Followup on this gist:
https://gist.github.com/Hermann-SW/94241e719dd3518a3276d804b627319d

Mixed dfs/bfs algorithm should produce highly parallel workload much longer than previous gist.

Ongoing run on 8-socket 192C/384T Lenovo x3950-X6 server with Intel Xeon 8890v4 CPUs.

Started with nohup ./doit2:

hermann@x3950-X6:~$ cat doit2
#!/bin/bash
time numactl -C 0-191 ./parallel_dfs_bfs_evenly 11
hermann@x3950-X6:~$ 

parallel_dfs_bfs_evenly process uses 125.9g resident and 137.4g virtual memory,
after 16 minutes runtime (46h user time already), still running with 19200 %CPU .

After 21 minutes runtime (60h user time) process uses 130.3g resident and 141.8g virtual memory.
Still around 19200 %CPU.

After 50 minutes (6d+13h (!) user time):
164.9g resident, 177.0g virtual memoty, still 19200 %CPU (distribute work evenly seems to work).

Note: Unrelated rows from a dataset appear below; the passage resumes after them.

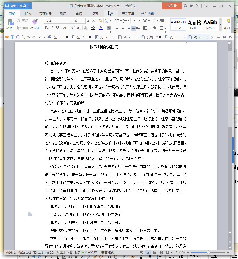 学生给老师的道歉信范文预览
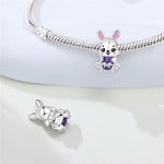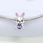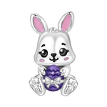 Easter Bunny Pandora Charm | Purple Egg Silver Bead | Rabbit Gift | Spring Jewelry
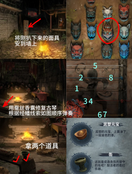 4、进石门,将【蚕丝香囊】里的蚕丝系在左侧古琴上,根据山洞石壁上菜的布条提示弹奏古琴顺序为【黑蓝红红白黄黄蓝】得到【泥塑元宝】【缶】,将【泥塑元宝】放在蛐蛐桌上**(左右两边都行,最后都会变成平)
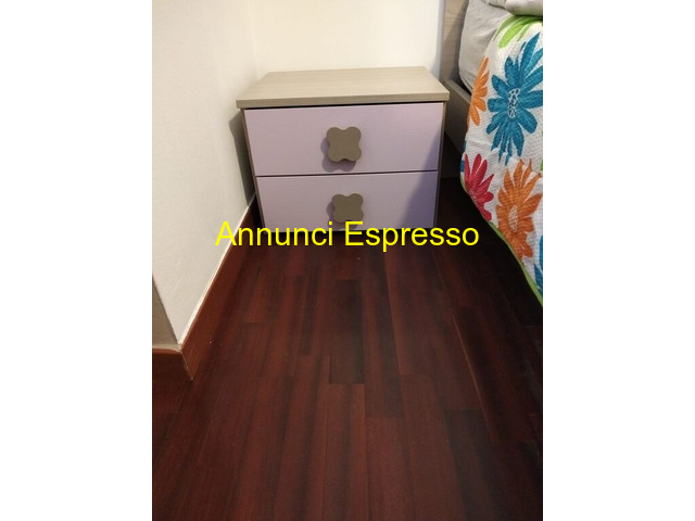 Letto singolo+comodino+mensola prezzo EUR.150,00 Vendo per cambio cameretta letto singolo 89x198x100 cm colore olmo perla e lilla come da foto compreso di rete a doghe e materasso memory 80x190x20. Nel prezzo è compreso anche il comodino con maniglia a forma di quadrifoglio 48x40x36 e mensola che si può anche appendere al muro 92x32x32 abbinati a 150 euro. Il tutto è in ottime condizioni, solo il materasso è un pochino macchiato ma si può lavare facilmente ed è ancora molto comodo. Letto singolo con testiera in legno, copriletto colorato e peluches. Adatto per camera bambini. Buone condizioni. Bernareggio (MB)
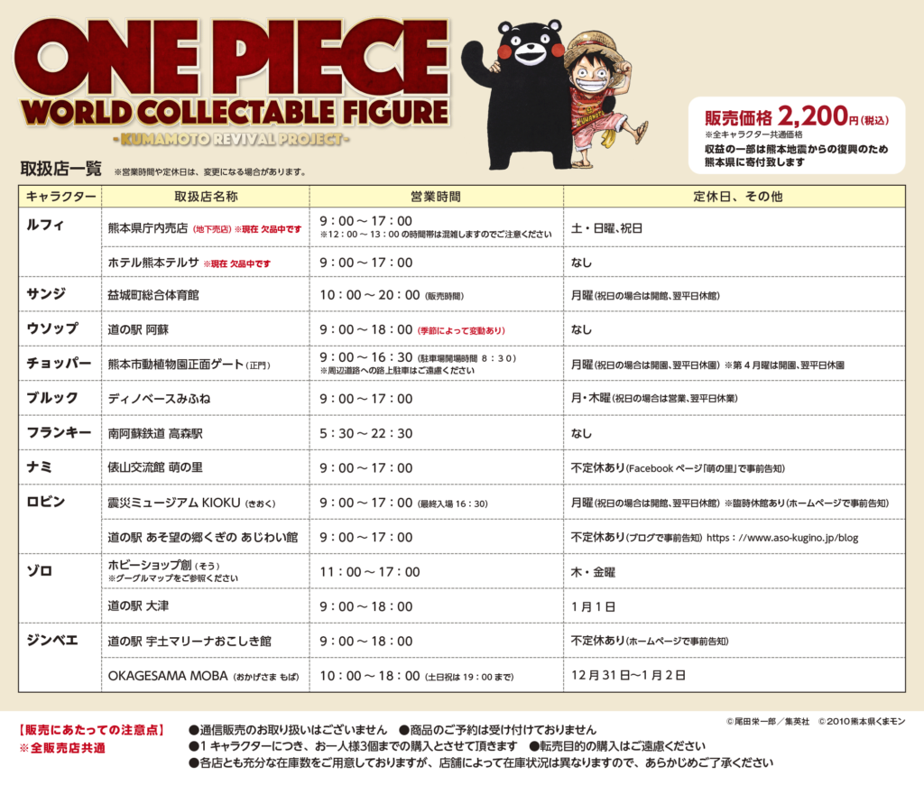 各フィギュアの販売状況です。品切れの店舗や再入荷の情報などは、こちらの熊本復興プロジェクト公式ホームページやTwitter(X)でお知らせしますのでご確認をお願いします。
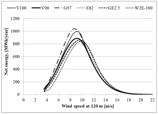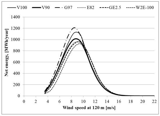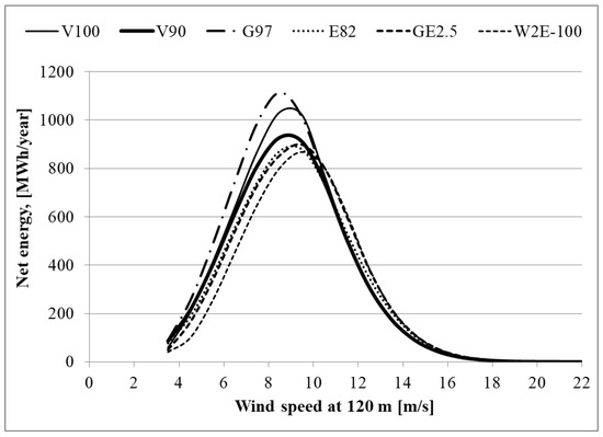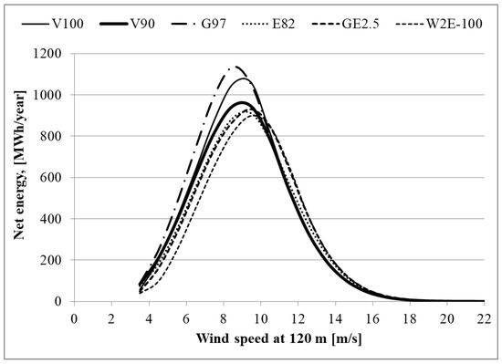 The choice of the proper equipment is made on the bases of the measurement results and the characteristics of the wind turbine productivity. The device manufacturer demonstrates the relationship between the turbine power output and wind speed. However, data for different air density values are rarely presented. The device characteristics further includes information on the start speed of the turbine, nominal power output and maximum wind speed resulting in device shutdown. The selected turbines have similar starting wind speed of 3.5 m/s. All of them shut down when the wind speed exceeds 25 m/s. The wind speed did not exceed 24 m/s in the selected locations, therefore turbine shutdown did not influence outcomes of the presented analyses. The Pwe_i for wind speed , being the middle of subsequent class ranges, can be estimated based on the characteristics of wind farm performance. Then, the Ewe_i energy can be calculated, generated by the wind farm for one year in i-th class range [23]:
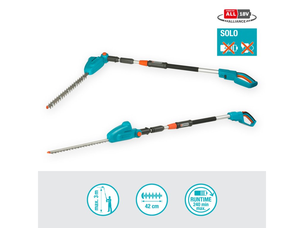 GARDENA akumulátorové teleskopické nůžky na živý plot THS 42/18V P4A bez akumulátoru se dodávají bez akumulátoru a nabíječky. K jejich provozu můžete použít jakýkoliv systémový akumulátor 18 V z Aliance POWER FOR ALL. Tyto akumulátory jsou vhodné pro řadu zařízení určených pro dům a zahradu. Takže ušetříte peníze a zůstanete flexibilní! Nebo upřednostňujete koupi výrobku se systémovým akumulátorem? Ani to není problém - pak je pro vás ta pravá sada k okamžitému použití. Vášeň poháněná značkou GARDENA - zahradní akumulátorové vybavení, které vám poskytuje svobodu při práci.
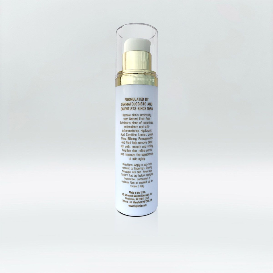 This exceptional product contains multi-fruit acids (extracts of Bilberry, Sugar Cane and Sugar Maple, Lemon and Lime) which exfoliate the skin, slough off dead skin cells, and help reduce the appearance of fine lines and wrinkles.

Babysitting run was useful, after 1:04h (7d+21h user time):
192.6g resident, 205.8g virtual memory for parallel_dfs_bfs_evenly.
Now only around 1100 %CPU are used, so only 11 cores still have work to do.

After 6h wall-clock time (8d+16h user time):
354.8g resident, 369.2g virtual memory, now with 300 %CPU.

After 10h wall-clock time (9d+1h user time):
351.8g resident, 366.3g virtual memory, now with only 200 %CPU, two cores left with work.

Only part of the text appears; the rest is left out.